What is the sum/difference angle formula for Tan (B-A) ? Quickly please... thank you I can only find Tan (A-B)?

they're the same thing if tan(α − β) = (tan(α) − tan(β))/(1 + tan(α)tan(β))

then tan(B − A) = (tan(B) − tan(A))/(1 + tan(B)tan(A))

just substitute the variables in the same corresponding place

tan(30° − 60°) = (tan(30°) − tan(60°))/(1 + tan(30°)tan(60°))

∴ tan(30° − 60°) = (√(3)/3 − √(3))/(1 + (√(3)/3)(√3))

∴ tan(30° − 60°) = (√(3)/3 − 3√(3)/3)/(1 + 3/3)

∴ tan(30° − 60°) = (-2√(3)/3)/2

∴ tan(30° − 60°) = -√(3)/3

tan(60° − 30°) = (tan(60°) − tan(30°))/(1 + tan(60°)tan(30°))

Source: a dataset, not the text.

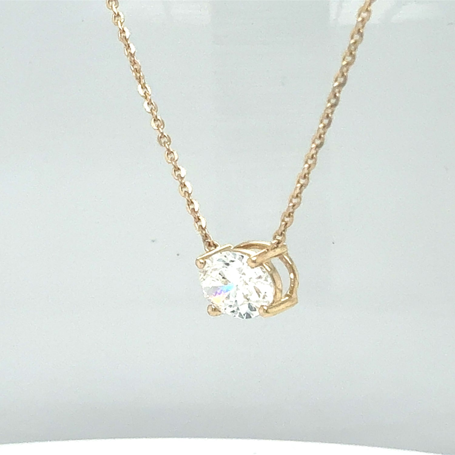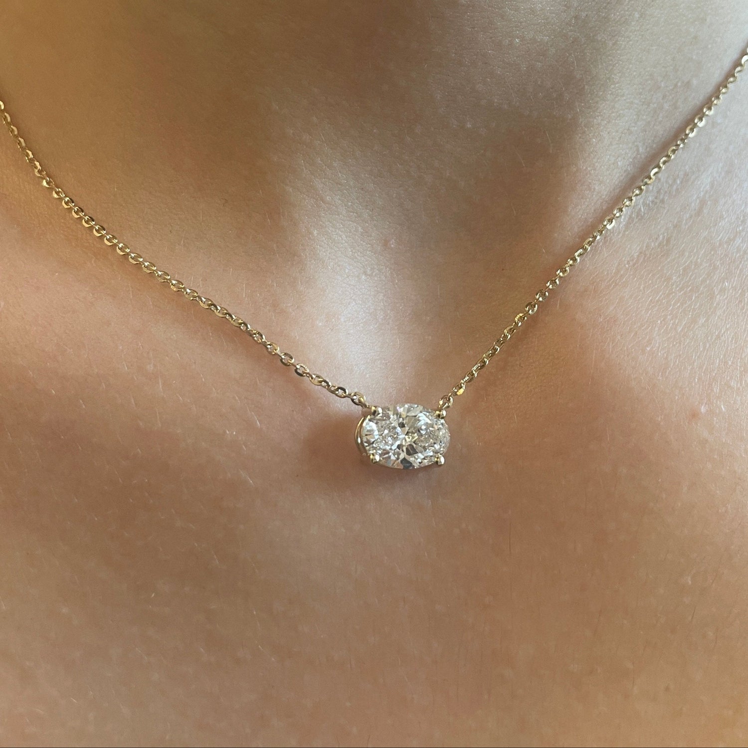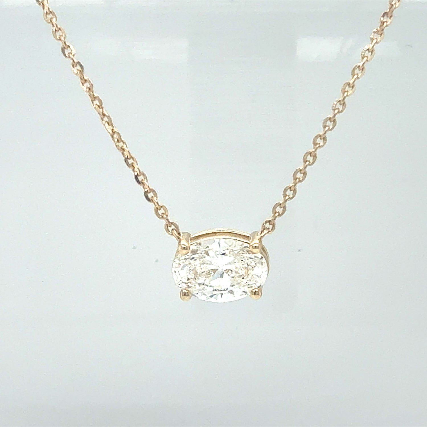 1.5 Ct Oval shaped LAB Diamond. VS in clarity, colorless. Set in your choice of 14kt yellow or white gold. 18 in chain.

∴ tan(60° − 30°) = (√(3) − √(3)/3)/(1 + √(3)(√(3)/3))

∴ tan(60° − 30°) = (3√(3)/3 − √(3)/3)/(1 + 3/3)

∴ tan(60° − 30°) = (2√(3)/3)/2

∴ tan(60° − 30°) = √(3)/3

Edit however if it will help you understand

tan(B − A) = tan(-(A − B))

given tan(-θ) = -tan(θ)

∴ tan(B − A) = -tan(A − B)

Duuuuuhhhhh!

Use the Tan (A-B) formula, but just switch around the A and the B !!!!!!!!